Travelers Settles With States Over Brokers’ Contingent Commissions

January 13, 2008

The Travelers Cos. Inc. will pay $6 million to settle investigations in nine states and the District of Columbia over how it paid brokers.

The St. Paul-based company said it had reached agreements with attorneys general in Michigan, Florida, Hawaii, Maryland, Oregon, Texas, West Virginia, Massachusetts and Pennsylvania and the District of Columbia. The Florida Office of Insurance Regulation also joined the settlement. The settlement still needs court approval.

The settlement ends a 2004 shareholder lawsuit over contingent payments to brokers and allegations that it rigged bids. The company had lost an earlier effort to dismiss the lawsuit, which sought class action status. Travelers disclosed it had reached a settlement in a filing with the Securities and Exchange Commission.

State attorneys general have argued that “contingent commissions” paid to brokers and agents to steer business to insurance companies amount to kickbacks that result in higher prices paid by policyholders.

Florida Attorney General Bill McCollum’s office said Travelers had been paying “contingent commissions” to brokers which were not disclosed to policyholders.

Travelers has already said it would stop paying such commissions on all insurance lines under an agreement with other attorneys general announced Jan. 2, 2007.

“Policyholders have every right to expect fair and honest treatment from their insurers,” said Florida Attorney General McCollum. “We will continue to aggressively demand accountability and transparency from the insurance industry in Florida.”

Florida will receive approximately $1.1 million of the settlement which will fund a reimbursement pool for affected public entity policyholders and repay the state agencies’ costs of investigation.

“Florida’s policyholders deserve nothing less than full disclosure in insurance transactions,” said Florida Insurance Commissioner Kevin McCarty. “This settlement continues Florida’s progress toward establishing a national standard for transparency in insurance transactions and reinforces our commitment to protecting Florida consumers.”

According to the complaint, Travelers allegedly participated in a bid rigging scheme in which broker Marsh & McLennan pre-designated which insurance company’s bid would “win” a particular account.

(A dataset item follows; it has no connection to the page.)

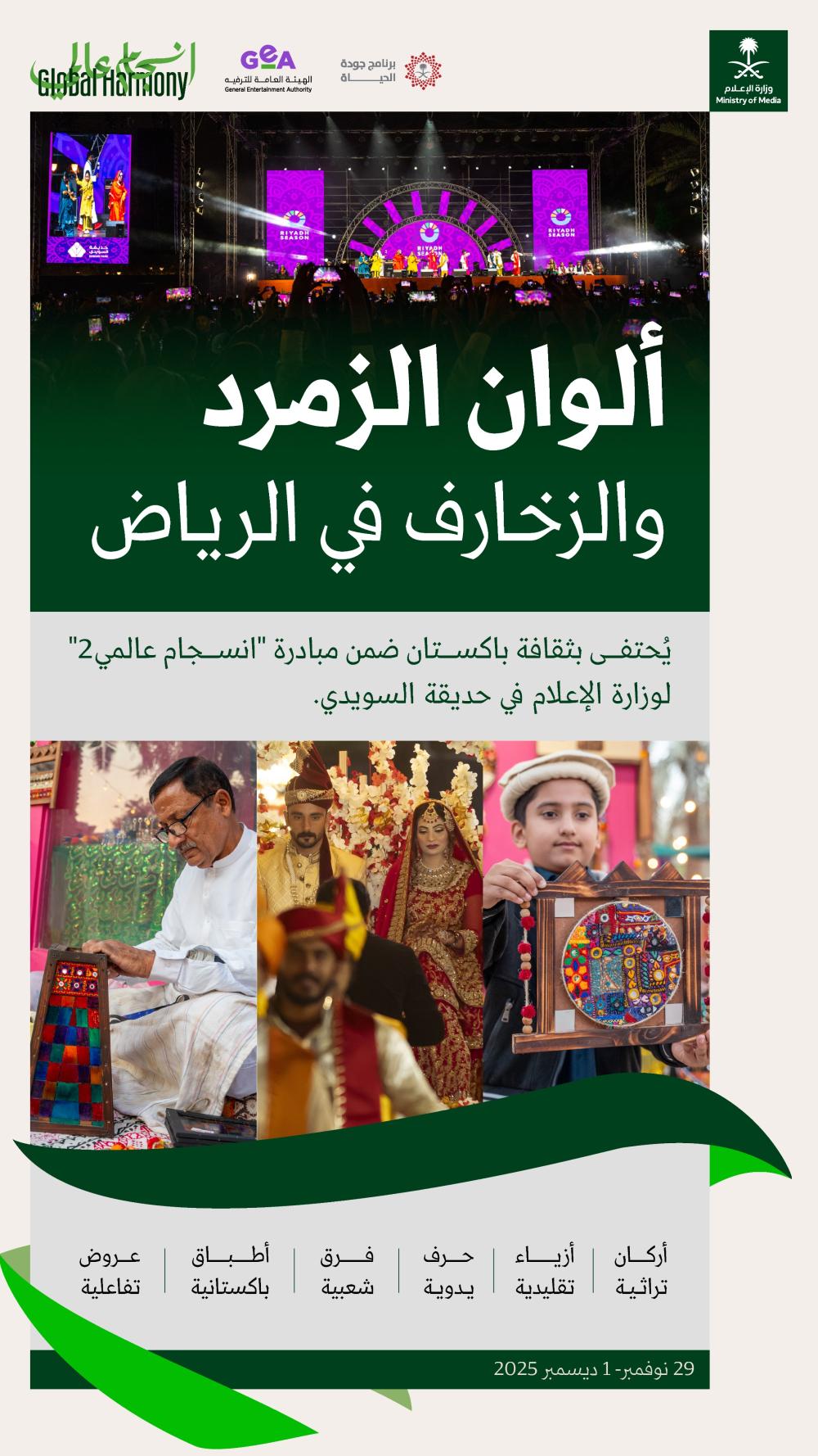 بألحانها وزمردها ثقافة باكستان تحضر في الرياض، ضمن مبادرة "انسجام عالمي 2" في حديقة السويدي.

To create the appearance of a competitive bidding process, Marsh would instruct certain insurers to submit inflated, intentionally uncompetitive bids. These schemes gave commercial policyholders, the impression that they were receiving the most competitive commercial premiums available, when they were actually being overcharged, according to the complaint.

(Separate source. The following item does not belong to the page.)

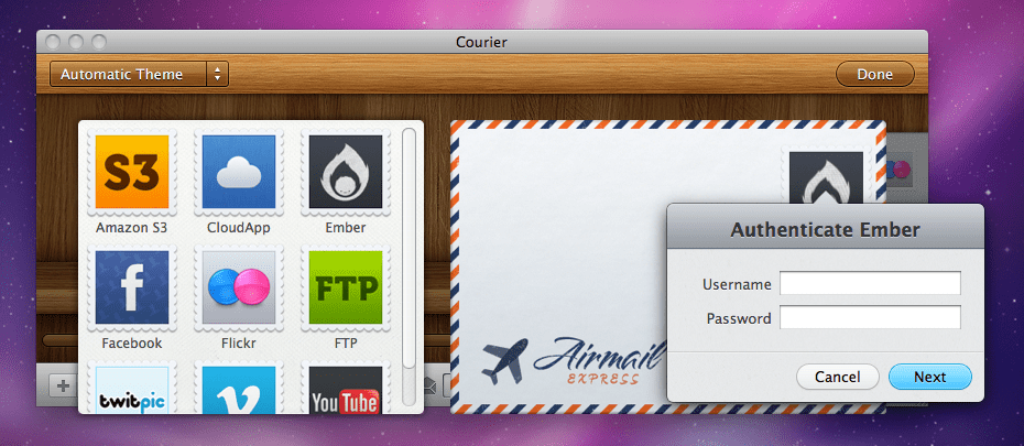 こうして作成されたアップロード設定のセットである封筒は、アップロード先を元に自動でデザインテーマが設定される。このデザインテーマは “.courierEnvelopes” の拡張子を持つプラグインバンドルになっており、あるいは今後追加することも可能になるかもしれない追加するための SDK が製品ウェブサイトでリリースされている。この SDK には Photoshop 用のテンプレートや、プロパティリストの書き方を説明する文書、サンプルのデザインテーマが入っており、デザインテーマに必要な3つの画像を比較的簡単に作ることができる。(2010/09/03 追記)

Additionally, Travelers was allegedly involved with a “pay-to-play” arrangement centered on the payment of incentive-based contingent commissions, in addition to standard commissions and fees, to insurance brokers. These arrangements were often undisclosed to consumers, and, according to the complaint, provided an incentive for brokers to steer business to the insurer who offered the most lucrative contingent commissions.